Quote from: Tangled-Universe on August 23, 2019, 02:56:21 PMCan you tell how you came up with 0.3?
I first added adaptive sampling to Terragen 2.1. The original algorithm simply looked at 4 samples, calculated their average value and calculated the differences between the 4 samples and the average. It added up those differences to produce a total contrast value. It's a bit more complex than that, but I don't think the details are important here. What I've described above is what happens when the samples are 1 pixel apart, and that's what we usually think of when we are looking at pixel noise. At subpixel levels the threshold is adjusted by another factor.
From that basic algorithm, I tried it with lots of different scenes and I decided what range of values I thought were good for the default. As you know, it's sometimes difficult to predict whether it's better to increase AA or decrease PNT or do both. The default value is based on the results I got at the time. I don't remember the range of defaults that I was considering, but I homed in on 0.3/AA. It could have been 0.25, but 0.3/AA produces nicer looking numbers than 0.25/AA for most of the AA values between 2 and 6. (You can see for yourself by calculating 0.25/AA for different AA values). I couldn't decide between 0.25 and 0.3 on any other basis so I chose 0.3 for this aesthetic reason.
Decisions made at the algorithm level would have changed these numbers. For example, if I had looked at 9 samples instead of 4, the default PNT would be a larger number. On the other hand, if I'd used 9 samples I might have decided to use the
mean of the differences rather than the sum, and then that would make the equivalent PNT values smaller.

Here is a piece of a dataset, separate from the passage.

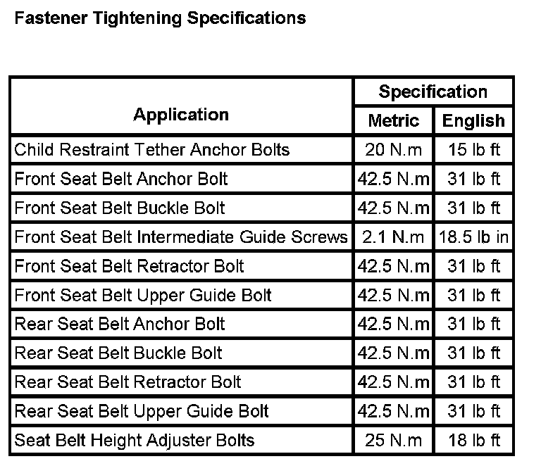 Fastener Tightening Specifications:

In Terragen 4.3 I added "Robust adaptive sampling" and improved upon it for 4.4. I wanted to keep the default values the same to reduce confusion and to minimize the number of things you have to change when switching between legacy and robust adaptive sampling. But there's a problem. Robust adaptive sampling is a very different algorithm and the old thresholds don't apply directly. To solve this, there is an internal mapping from PNT to the specific threshold that the Robust sampler uses. The specific mapping sometimes has to change as I improve the algorithm, and it's very specific to the algorithm. I had to calibrate that mapping based on lots of tests, with 2 major goals. The robust sampler should produce visibly better images than the legacy sampler for any given PNT (within reasonable values), and it should render the image faster. It doesn't always meet both of these goals, but they help me to constrain the range of possible ways to map PNT to the internal threshold used by the robust sampler. This might be tweaked again in future when improvements are made to the robust sampler.